The world is now a sadder place


----------



## Ducatiboy stu (8/2/17)

The world id now a sadder place



sp0rk said:


> Stu will be devastated


Fuckers

Fuckedup all my recipe's

******* hipsters and their fancy hops...****'em


----------



## Mardoo (8/2/17)

Others will grow it. There's a whole new generation of small commercial growers coming up, some of whom frequent this forum.


----------



## nosco (8/2/17)

I did the tour of the HPA farms a few years ago. They said that once upon a time POR was %80 of their crops. But they were slowly going out business so they had to develop new hops.


----------



## Black Devil Dog (8/2/17)

Now that it's unfashionable, it'll become fashionable.


----------



## Mardoo (8/2/17)

It'll need to grow a beard first.


----------



## Black Devil Dog (8/2/17)

I blame beards for its demise.


----------



## Weizguy (8/2/17)

Black Devil Dog said:


> I blame beards for its demise.


Not me and my beard. We both enjoy the mighty POR and have been advocates since the early days on this forum, with a little encouragement from MHB.

I made a Cooper's Sparkling Ale-y beer a few weekends ago, 45 litre batch using ol' mate POR. Looking forward to it.

Shame that Tony is not here to comment, as Defender of the POR.


----------



## Randai (8/2/17)

Maybe I can get some tips on how to use POR, because I have used it several times after reading many positive comments on it.
I used it in a few pale ales, as bittering, with an english yeast (wyeast 1469) and it came out real twangy.
Does it mix well with certain yeasts and this was just a combination that goes wrong.
See I've had coopers and think its great, so I think there is just some combination of ingredients/yeast I am not hitting with it.
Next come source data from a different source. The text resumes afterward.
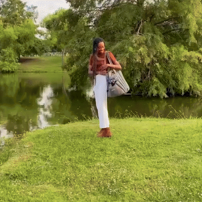 Increase the bag’s width and comfort by attaching the front leather handle to the bottom. Use the side pockets for storing toys and treats.
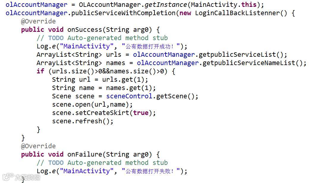SuperMap Online上的公有数据只有Online的管理员才能发布,用iMobile for Android对接的时候不需要登入自己的Online用户,直接获取公有的服务数据,然后加载到场景中,实现的关键代码如下: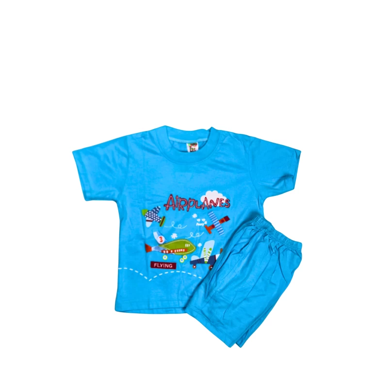 Launch into playtime with our Bright Blue Airplane Adventure Kids T-Shirt & Shorts Set. This cheerful 2-piece outfit features:

Maybe a straight pilsner/lager might be better?


----------



## rude (8/2/17)

Recon it's a ripper for stout


----------



## MHB (8/2/17)

Les the Weizguy said:


> Not me and my beard. We both enjoy the mighty POR and have been advocates since the early days on this forum, with a little encouragement from MHB. TY
> 
> I made a Cooper's Sparkling Ale-y beer a few weekends ago, 45 litre batch using ol' mate POR. Looking forward to it. Have to call in some time soon
> 
> Shame that Tony is not here to comment, as Defender of the POR. (can live without him thanks)


I've always liked it for bitter/best bitter... but am fairly impressed with Super Pride to, a little less harsh than POR at higher bitterness's (say over 35 IBU).
I think the old Fosters group stoped using POR (or any other hops) in their beer a long time ago, all post fermentation Iso additions, the Tooheys group have as far as I know been using Super for a couple of decades.

More and more of the global hop production is going to Extract and Iso production, hops like Super and particularly hops like Topaz and Galaxy are breed for the extract market.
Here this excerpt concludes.